Hundreds of people run alongside a US Air Force C-17 transport plane as it departs in Kabul.

Hundreds of people run alongside a US Air Force C-17 transport plane as it departs in Kabul.Credit:AP

“Worse, it was avoidable.”

Moulton continued: “The fact that, at this hour, we have not even secured the civilian half of Kabul Airport is testament to our moral and operational failure. We need to rectify this immediately.”

A Morning Consult poll, conducted as the Taliban made rapid military gains throughout Afghanistan, found that support for the US withdrawal had dropped from 69 per cent of American voters in April to 49 per cent now.

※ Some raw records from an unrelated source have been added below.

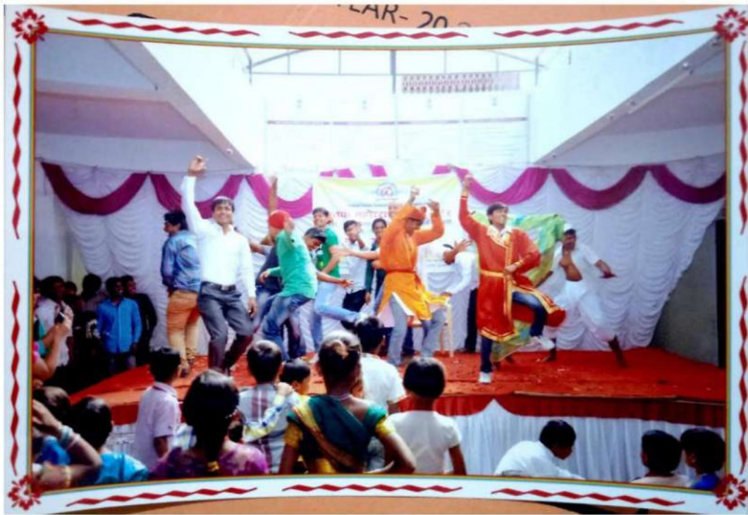
Students Performing On the Occasion.
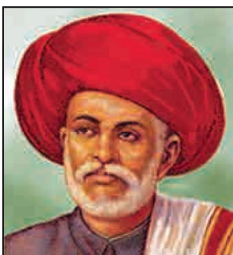
Mahatma Jotirao Phule

From the above views of Mahatma Phule, state the bad effects of Illiteracy.
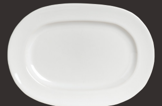
A100P199 Racetrack Oval L 11 1/4" W 8 1/4" (Polar white)

D=Diameter L=Length W=Width H=Height • All Products are Measured at Max Capacity (oz)
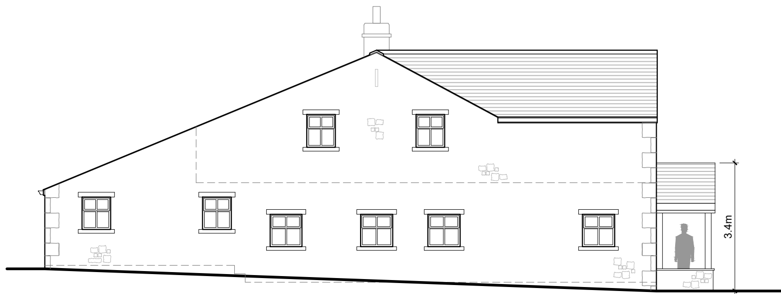
PROPOSED NORTH ELEVATION Scale 1:100
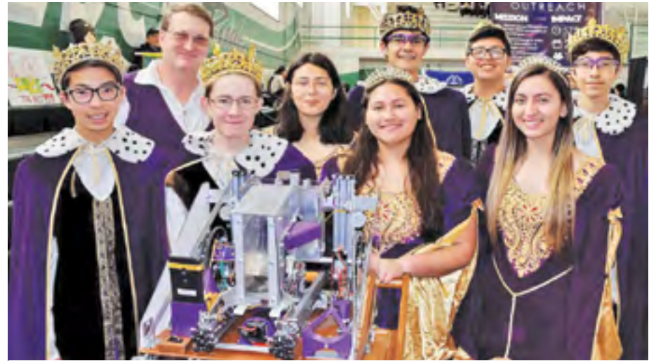
Monrovia High School's Kings and Queens and Clifton Middle School's Hippy Bots at the FIRST Tech Challenge World Championships in Houston, Texas.
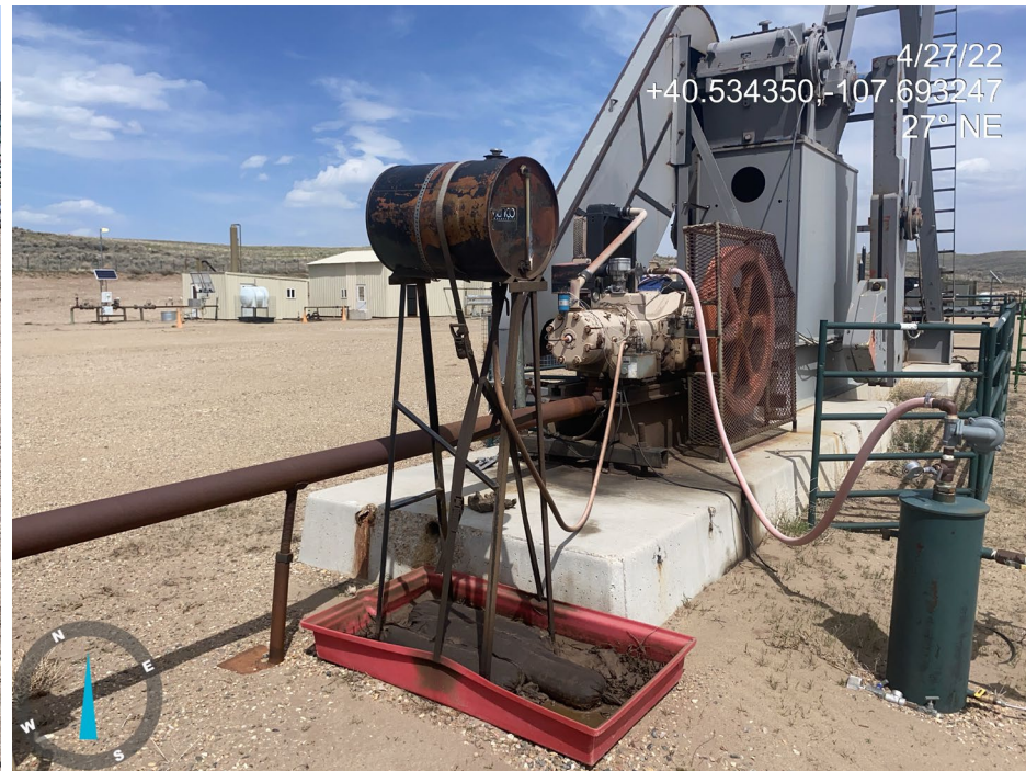
Photo 22. Photos show wildlife protection equipment to prevent wildlife access to secondary containment is missing or insufficient. No safety labeling applied identifying fluids within containers in both photos.
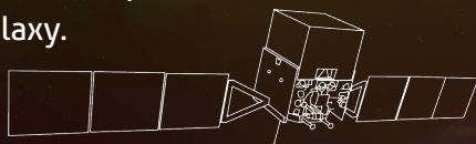
Fermi Gamma-ray Space Telescope

More typical production of gamma ray beams emanate from pulsars within the Milky Way galaxy.
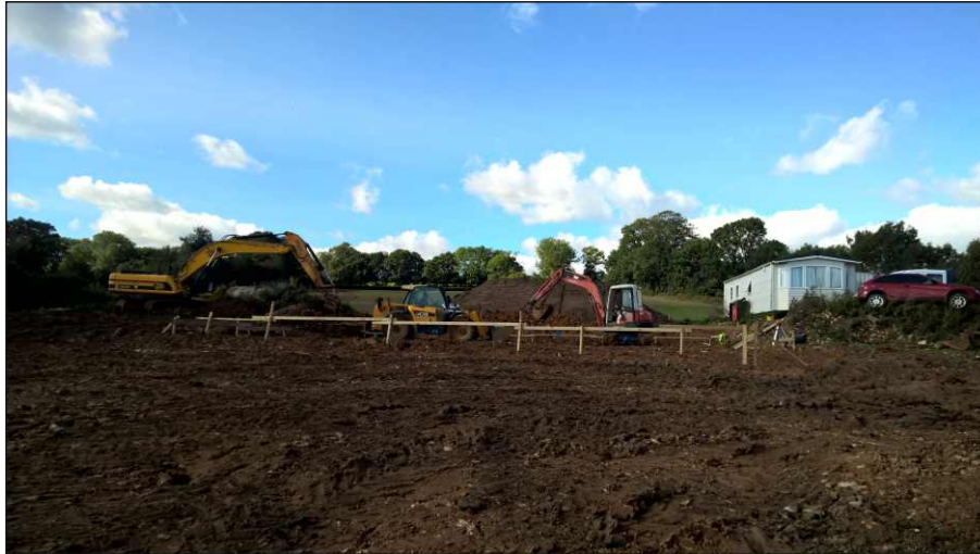
Plate 1: General view of site, looking west
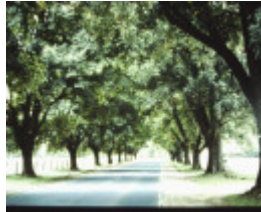
T11281 Ulmus x hollandica
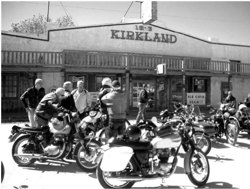
Group stop at Kirkland Junction on the way to Bagdad Mine
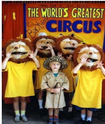
Family Puppet Parade
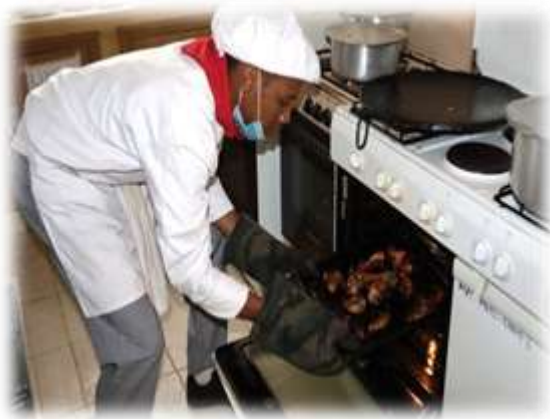
NITA (National Industrial Training Authority) examinations in progress
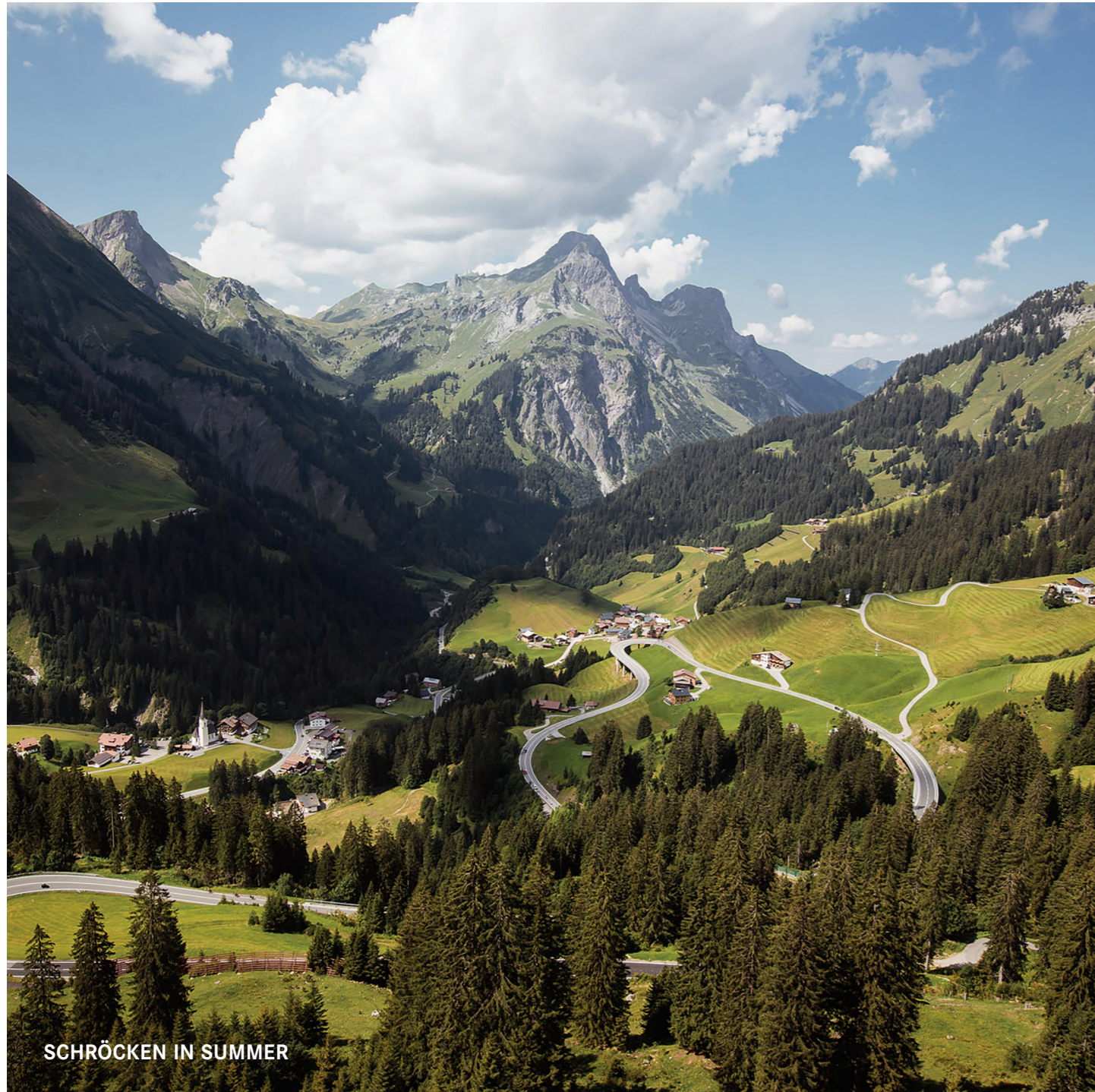
SCHRÖCKEN IN SUMMER
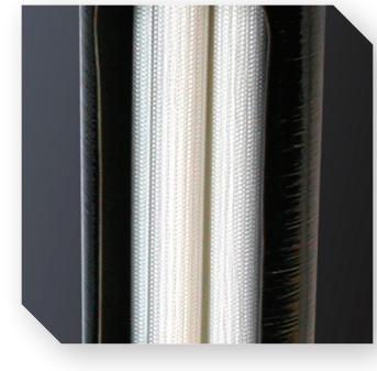
Four bundled membranes at 0.02 micron filtration.

The UF Series offers 0.02 micron filtration at service flow rates up to 12 gpm, utilizing a patented and industry exclusive tank design. The internal UF module treats turbidity, silts, clays, and other particles down to 0.02 micron size. The backwashable system allows for the use of an easily maintained control valve to be utilized much like a water
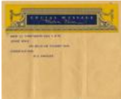
Telegram (2016.2.9) 1931 Economou Family Papers
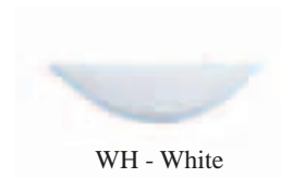
WH - White
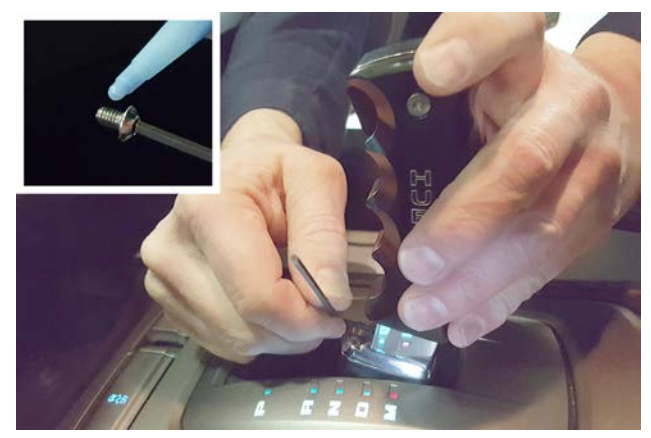
5. Apply loctite to screw (2) then install it into front of shifter handle.
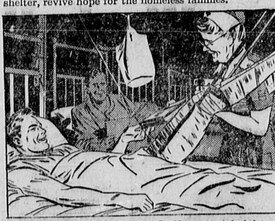
5 VETERANS MEEDED CARE. In Veterans Administra-volving claims, dependents, personal problems. Over 12,000 Red Cross hospital volunteers cheered veterans
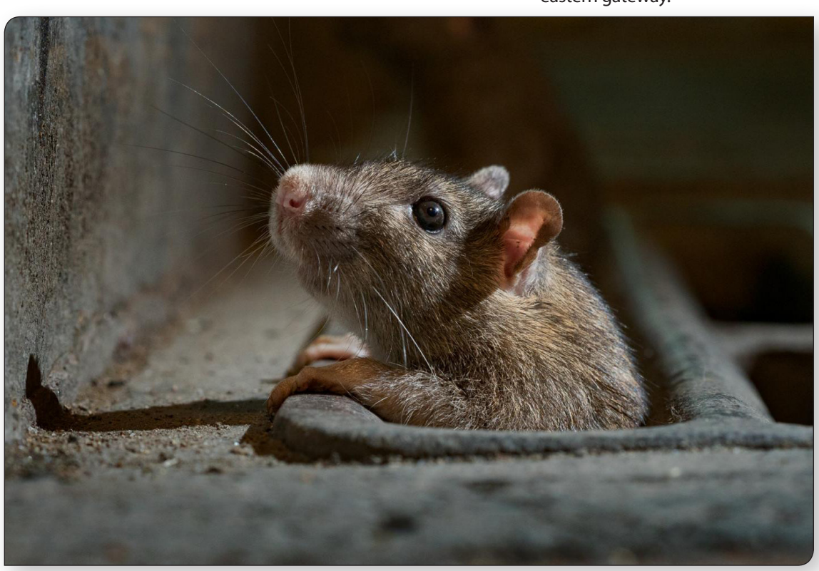
Admit it... you think she's kinda cute, right?

For Oakland Cemetery, we hope they get their long-awaited eastern gateway.
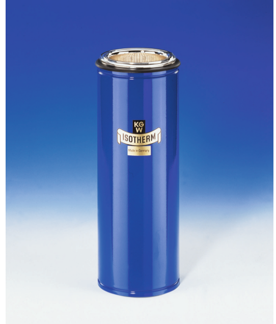
Dewar flask 9 C
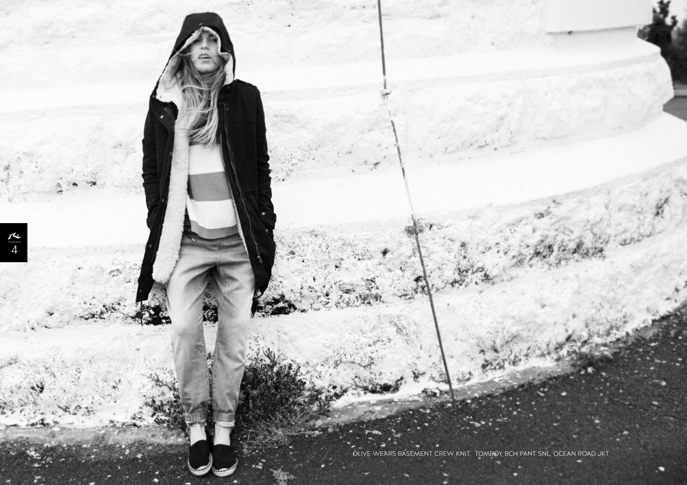
OLIVE WEARS BASEMENT CREW KNIT, TOMBOY BCH PANT SNL, OCEAN ROAD JKT
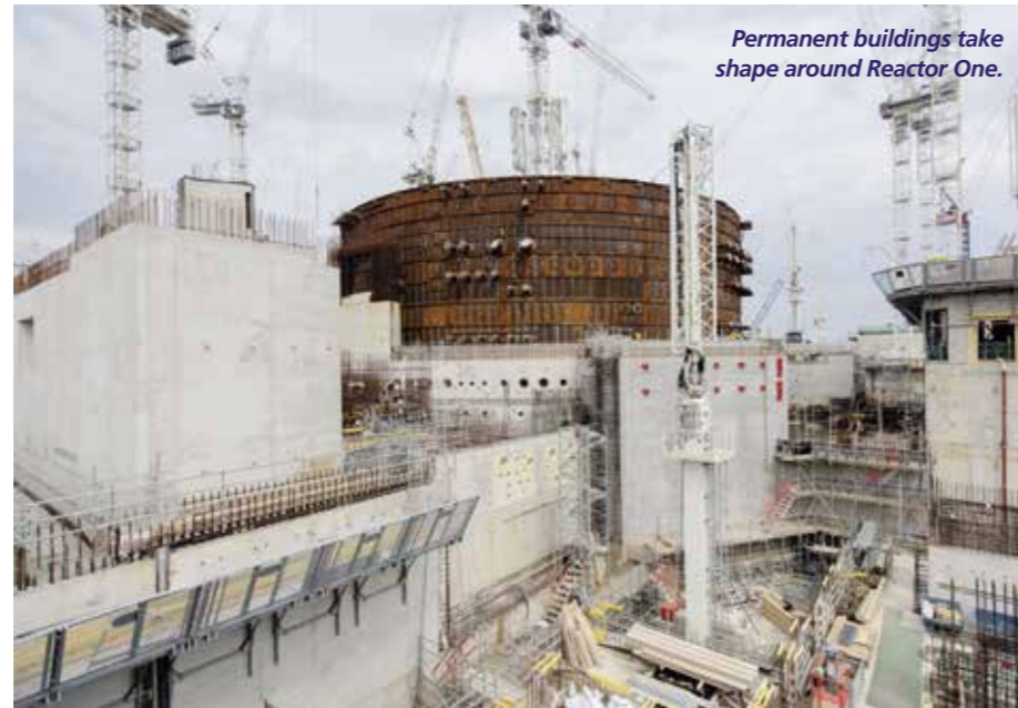
Permanent buildings take shape around Reactor One.

That's also good news for major infrastructure projects of the future – especially Hinkley Point C's proposed sister station at Sizewell in Suffolk.
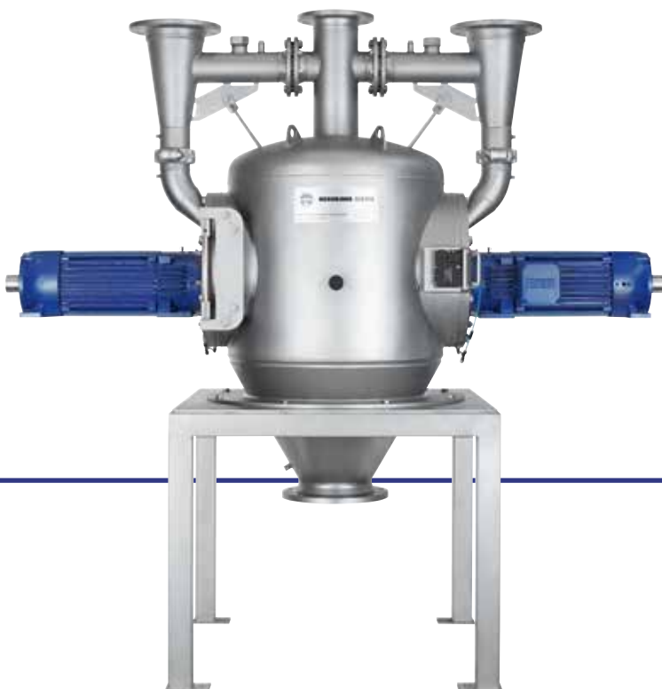
➤ Sugarplex 315 SX Twin
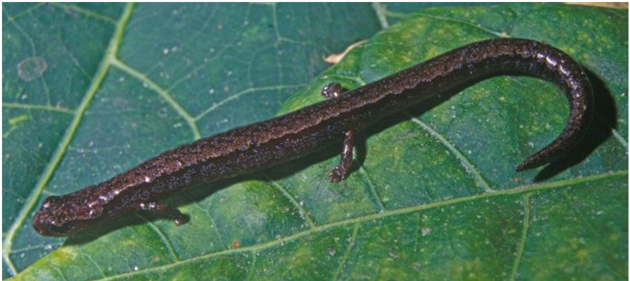
Title: Thorius pinicola – one of the newly described species of minute salamander Credit: Mario García-París
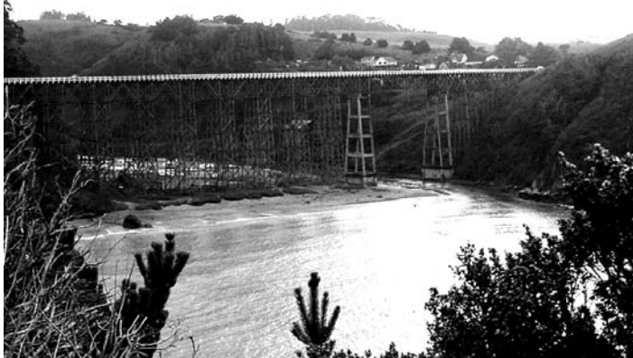
Above and above right: The Albion River Bridge is the oldest working timber-frame bridge in California. Constructed of old-growth redwood, it is still sound.
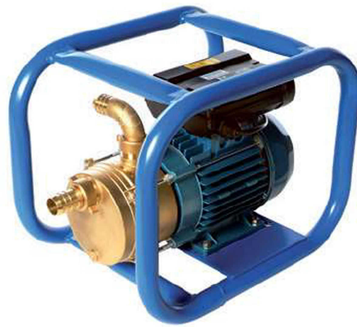
ENM25 in frame
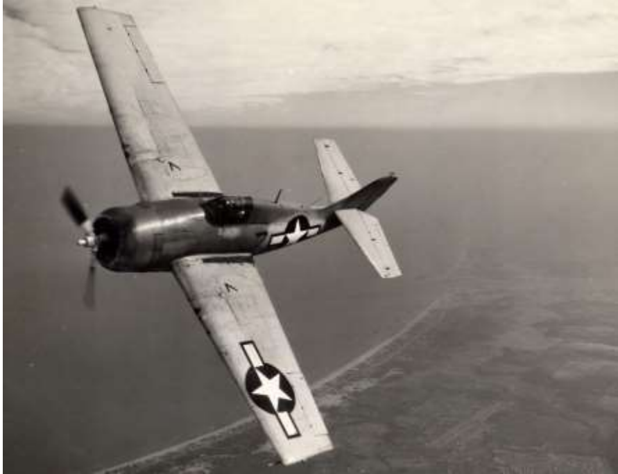
General Motors (Eastern) FM-1 Wildcat in flight, circa 1943

Exploring the crash site of FM-1 Wildcat, BuNo 15442, which crashed 16 Nov 1943
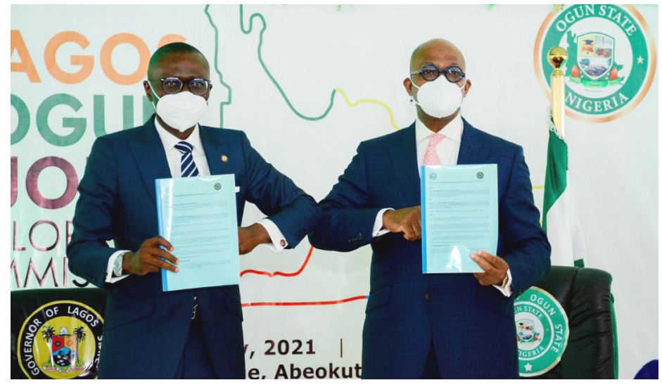
Governors Babajide Sanwo-Olu and Dapo Abiodun in a COVID-19 greeting to symbolise the signing of MOU between their respective states

According to Abiodun, the Joint Development Commission would forge a common alliance between the two states, to jointly tackle issues bordering on security, sanitation, traffic
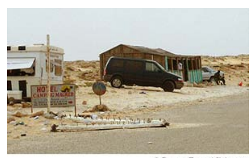
Border crossing, Mauritania

Mauritania shares Mali's longest border, over 2,200 km (1,400 mi). Its population is 70% Maure and 30% other peoples, including the Haalpulaar (Fulani), Soninke, and Wolof. Tensions between the North African Arabic Maure and other Mauritanians of sub-Saharan origins led to the expulsion of non-Maure peoples to Senegal in 1989–1991. An estimated 5,200 remain homeless. Mauritania is distant from West Africa in other ways—for example, it does not share a common
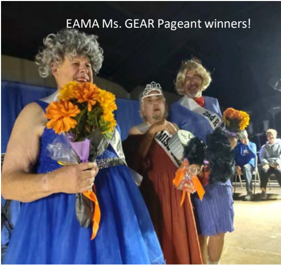
EAMA Ms. GEAR Pageant winners!
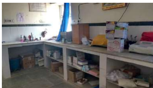
Figure 2: Blood bank at a facility in Bhilwara District
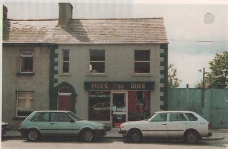
Improvements to cycling retail premises in Newtownards.

For particulars of projects supported under this Programme, see Appendix 4.
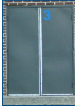
Exterior door with number on door
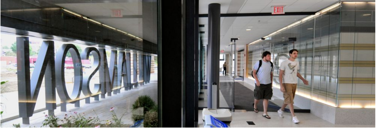
Students enter the new Williamson Hall on the first day of classes.
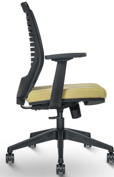
Vino MB All Black Fly

A chair which embraces elegance with a structured back for optimum support
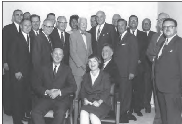
A historic photo, the ABAG group in 1964.

After the Truax incident, ABAG had to concentrate on staying solvent and retaining its membership. A great deal of dedicated work by several leaders—including San Francisco

Biden was speaking after disorder unfolded at the US-controlled Kabul international airport as thousands of Afghans tried to flee the country.

At least seven people were killed at the airport, the Associated Press reported, including several Afghans who clung to the outside of a military aircraft and plunged to their death.

The Pentagon also confirmed that US troops had shot dead two people at the airport.

“All the images coming out are of concern and troubling,” Pentagon spokesman John Kirby said.

He confirmed that all military and civilian flights out of the airport had been suspended because of a security breach.